News & Events:

Debunking the Bunkhouse Rule

August 27, 2015

If an employee who lives on the employer’s property is injured – does that mean the employer is responsible under workers’ compensation?   California has a doctrine, known as the Bunkhouse Rule, which has long held that it does; however, recently the rule got some clarification in Wright v State.  That ruling held that the injury must arise out of AND occur in the course and scope of employment.  This requirement is met when the employment agreement contemplates, or the work requires, the employee reside on the property.


The case that brought about the clarification involved an employee, Wright, who worked for the State and lived on State-owned property.  Wright was injured when a stair in a common area of the property gave out.  Wright filed a civil suit alleging premises liability rather than a workers’ compensation claim but the trial court found his was an industrial injury.  Wright appealed.

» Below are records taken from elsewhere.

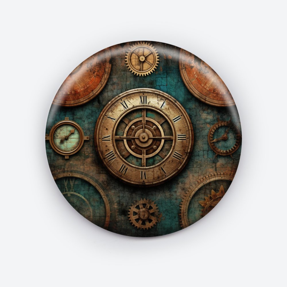 Elevate your style with our steampunk pin button, featuring intricate gears and vintage aesthetics.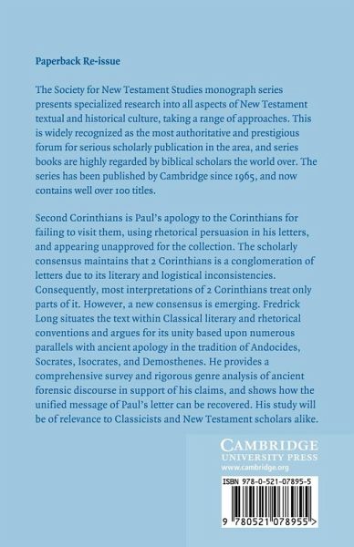 1. An apology for the unity of 2 Corinthians Part I. A Survey of Ancient Forensic Discourse: 2. The anatomy of a genre: sources, nature and features of forensic rhetoric 3. Forensic exigency 4. Forensic invention 5. Forensic disposition 6. Apologetic letters Part II. A Rhetorical Analysis of 2 Corinthians as Ancient Apology: 7. The rhetorical exigency of 2 Corinthians 8. The rhetorical disposition of 2 Corinthians 9. The rhetorical invention of 2 Corinthians 10. The rhetoric of 2 Corinthians and the nature of Paul's theology.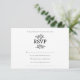 Initiales simples en monogramme de couple mariage avec des détails de feuille d'art de ligne botanique pour une belle et unique carte de réponse minimaliste de mariage noir et blanc RSVP. Modifiez le texte à personnaliser.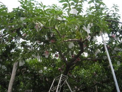 川中島白桃、上にあるのが甘いので梯子で狙う
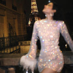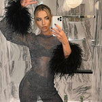 show â–¼Designed for unforgettable nights. The Mayra Cocktail Mini Dress is crafted from shimmering fabric that catches the light from every angle. With its sleek mini length, long sleeves, and playful feather cuffs, it strikes the perfect balance between elegance and bold glamour. A true statement piece, ideal for celebrations where all eyes are on you.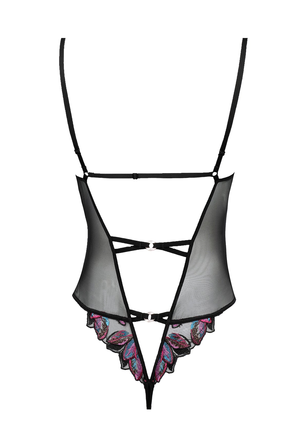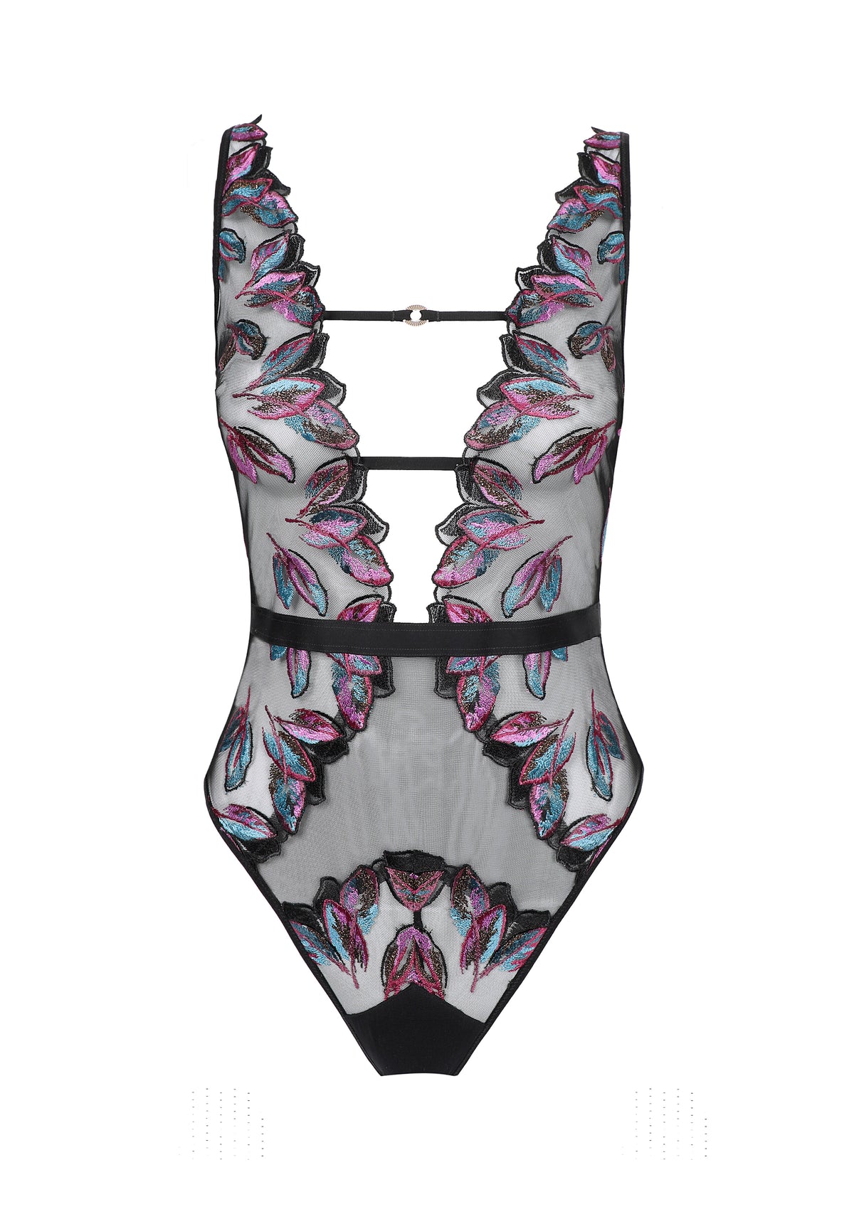 Sensual "V" neckline body in multicolored embroidery. Elasticated waist belt. String back with very deep tulle neckline with ties.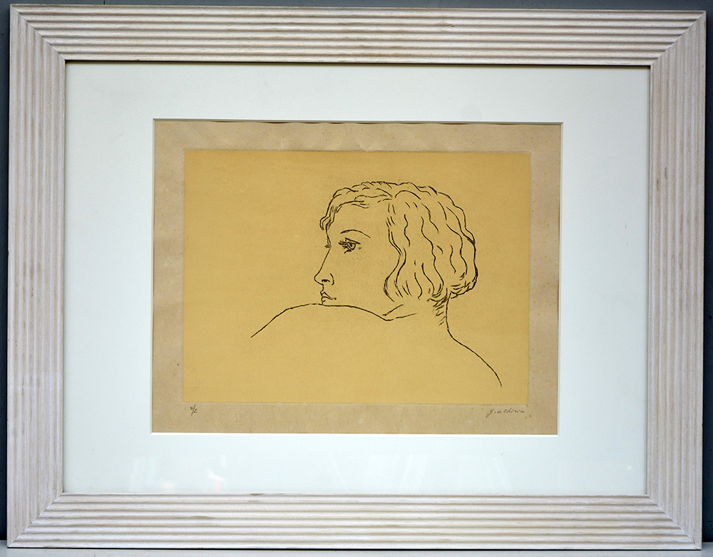 Giorgio De Chirico (Volos 1888 - Roma 1978) "Profilo di donna" 1971, incisione a vernice molle su fondo colorato applicato su carta giapponese (foglio cm 50,5x70) numerata V/Z e firmata in basso a matita. Timbro a secco "G. De C." in basso a sinistra. In cornice (lievi difetti)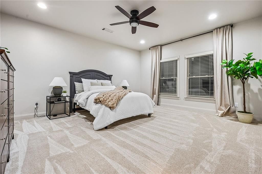 This spacious master bedroom features a calming, neutral palette with light beige carpeting and soft off-white walls, creating a tranquil atmosphere. The room is anchored by a dark wooden bed frame with an elegant headboard, dressed in crisp white bedding and layered with cozy textured throw blankets. Matching bedside tables with modern lamps flank the bed, adding balance and functionality. Two large windows dressed with cream curtains allow natural light to filter in during the day. A tall potted plant in the corner adds a touch of greenery, while a ceiling fan with dark blades complements the understated decor. The overall layout is open and uncluttered, emphasizing comfort and simplicity.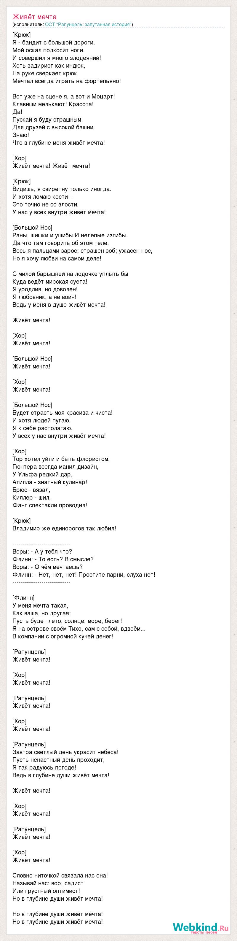 [Крюк] Я - бандит с большой дороги. Мой оскал подкосит ноги. И совершил я много злодеяний! Хоть задирист как индюк, На руке сверкает крюк, Мечтал всегда играть на фортепьяно! Вот уже на сцене я, а вот и Моцарт! Клавиши мелькают! Красота! Да! Пускай я буду страшным Для друзей с высокой башни. Знаю! Что в глубине меня живёт мечта! [Хор] Живёт мечта! Живёт мечта! [Крюк] Видишь, я свирепну только иногда. И хотя ломаю кости - Это точно не со злости. У нас у всех внутри живёт мечта! [Большой Нос] Раны, шишки и ушибы.И нелепые изгибы. Да что там говорить об этом теле. Весь я пальцами зарос; страшен зоб; ужасен нос, Но я хочу любви на самом деле! С милой барышней на лодочке уплыть бы Куда ведёт мирская суета! Я уродлив, но доволен! Я любовник, а не воин! Ведь у меня в душе живёт мечта! Живёт мечта! [Хор] Живёт мечта! [Большой Нос] Живёт мечта! [Хор] Живёт мечта! [Большой Нос] Будет страсть моя красива и чиста! И хотя людей пугаю, Я к себе располагаю. У всех у нас внутри живёт мечта! [Хор] Тор хотел уйти и быть флористом, Гюнтера всегда манил дизайн, У Ульфа редкий дар, Атилла - знатный кулинар! Брюс - вязал, Киллер - шил, Фанг спектакли проводил! [Крюк] Владимир же единорогов так любил! ---------------------------- Воры: - А у тебя что? Флинн: - То есть? В смысле? Воры: - О чём мечтаешь? Флинн: - Нет, нет, нет! Простите парни, слуха нет! ---------------------------- [Флинн] У меня мечта такая, Как ваша, но другая: Пусть будет лето, солнце, море, берег! Я на острове своём Тихо, сам с собой, вдвоём... В компании с огромной кучей денег! [Рапунцель] Живёт мечта! [Хор] Живёт мечта! [Рапунцель] Живёт мечта! [Хор] Живёт мечта! [Рапунцель] Завтра светлый день украсит небеса! Пусть ненастный день проходит, Я так радуюсь погоде! Ведь в глубине души живёт мечта! Живёт мечта! [Хор] Живёт мечта! [Рапунцель] Живёт мечта! [Хор] Живёт мечта! Словно ниточкой связала нас она! Называй нас: вор, садист Или грустный оптимист! Но в глубине души живёт мечта! Но в глубине души живёт мечта! Но в глубине души живёт мечта!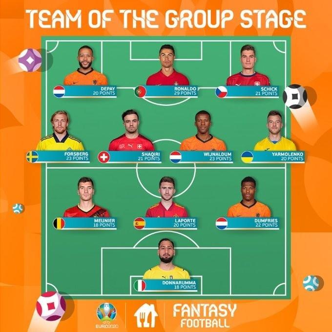 24直播网讯 欧足联今日公布了欧洲杯小组赛阶段的最佳阵容评选结果,C罗29分最高分领衔。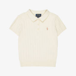 Golden yellow polo shirt for boys by Ralph Lauren, made in comfortable cotton piqué. Front button fastening, it has a ribbed collar and cuffs, with vented sides for ease of movement. The designer's signature pony logo is embroidered on the chest in blue.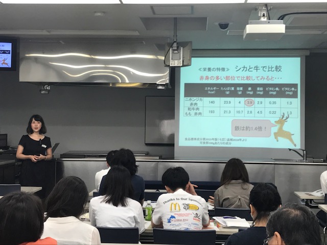 その後、エコール 辻 東京 迫井千晶先生が「HACCP義務化に対応したジビエの衛生管理」、続いてこちらも今回新たに追加された、全国食肉学校の小原和仁先生による「ジビエの食肉の科学」についての講義が行われました。![]()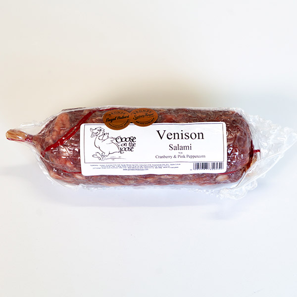 Free range Fallow Venison traditionally dry cured with pork fat. The Cranberry and Pink Peppercorn give this soft flavoured Salami a lingering sour and peppery after taste. It’s ideally served with a mild flavoured cheese, dried fruit, nuts and accompanied by a light bodied beer or ‘Hunter Valley’ style wine.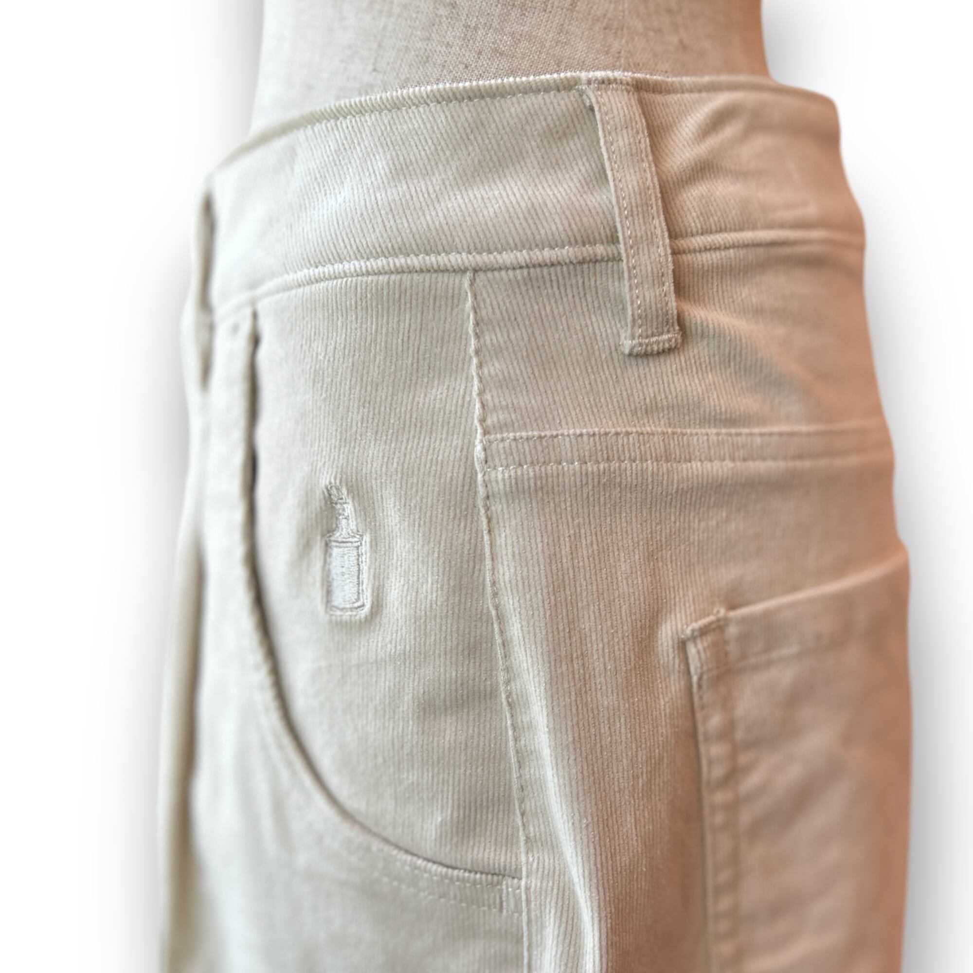 コーデュロイの持つ厚手の重たい着心地を払拭し、軽く、柔軟性に優れ、美脚シルエットを兼ね備えたパンツです。

The Court of Appeal found that Wright did not come within the Bunkhouse Rule because he was not required to live on the property or provided any employment benefit.  That the State required Wright to name the State as an additional insured on his liability policy, a fact which the Court found underscored that Wright’s residency was not an employment benefit. 

The difference to Wright in whether the injury was industrial or a civil tort claim is significant.  In a tort case the plaintiff is entitled to full compensation for all damages caused by the injury if the landowner was negligent.  In comparison, an injured employee receives partial compensation in the form of medical expenses, partial temporary disability, and, if applicable, a proportionate permanent disability award.  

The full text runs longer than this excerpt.